- **The task**
When you find the line with "A minimal and" among the records below, reproduce it and each line after it exactly, ending with the line with "對無彩色情有獨鐘的朋友,以白".

- **The input**
----------------------------------------

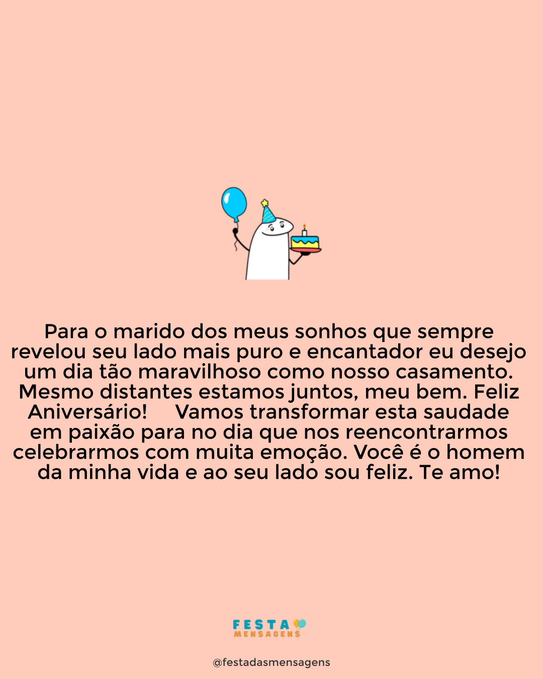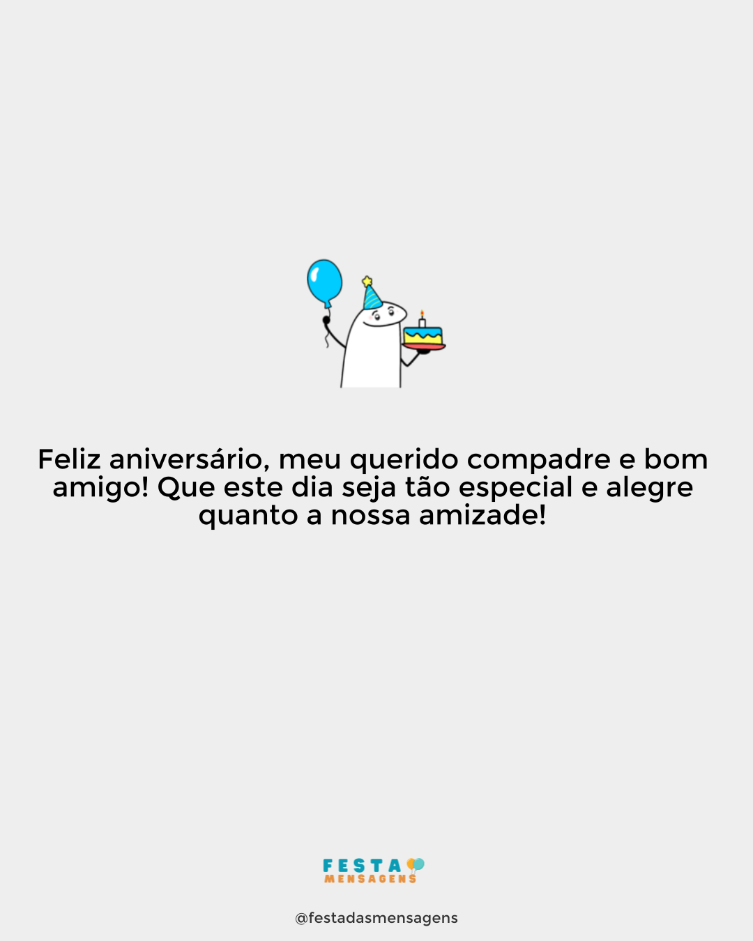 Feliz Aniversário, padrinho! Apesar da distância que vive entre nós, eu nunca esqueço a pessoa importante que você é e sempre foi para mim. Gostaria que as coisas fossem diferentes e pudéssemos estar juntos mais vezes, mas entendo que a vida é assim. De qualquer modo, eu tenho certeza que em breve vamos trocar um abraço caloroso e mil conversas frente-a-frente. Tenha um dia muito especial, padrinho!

----------------------------------------

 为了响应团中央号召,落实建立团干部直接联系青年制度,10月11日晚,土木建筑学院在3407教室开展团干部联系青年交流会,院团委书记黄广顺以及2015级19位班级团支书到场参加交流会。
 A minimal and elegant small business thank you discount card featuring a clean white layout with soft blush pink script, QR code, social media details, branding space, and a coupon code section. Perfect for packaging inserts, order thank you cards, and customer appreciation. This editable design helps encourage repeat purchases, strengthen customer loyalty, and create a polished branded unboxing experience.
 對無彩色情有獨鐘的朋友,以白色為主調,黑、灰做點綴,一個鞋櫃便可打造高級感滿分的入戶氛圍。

----------------------------------------

- **Answer box**
 A minimal and elegant small business thank you discount card featuring a clean white layout with soft blush pink script, QR code, social media details, branding space, and a coupon code section. Perfect for packaging inserts, order thank you cards, and customer appreciation. This editable design helps encourage repeat purchases, strengthen customer loyalty, and create a polished branded unboxing experience.
 對無彩色情有獨鐘的朋友,以白色為主調,黑、灰做點綴,一個鞋櫃便可打造高級感滿分的入戶氛圍。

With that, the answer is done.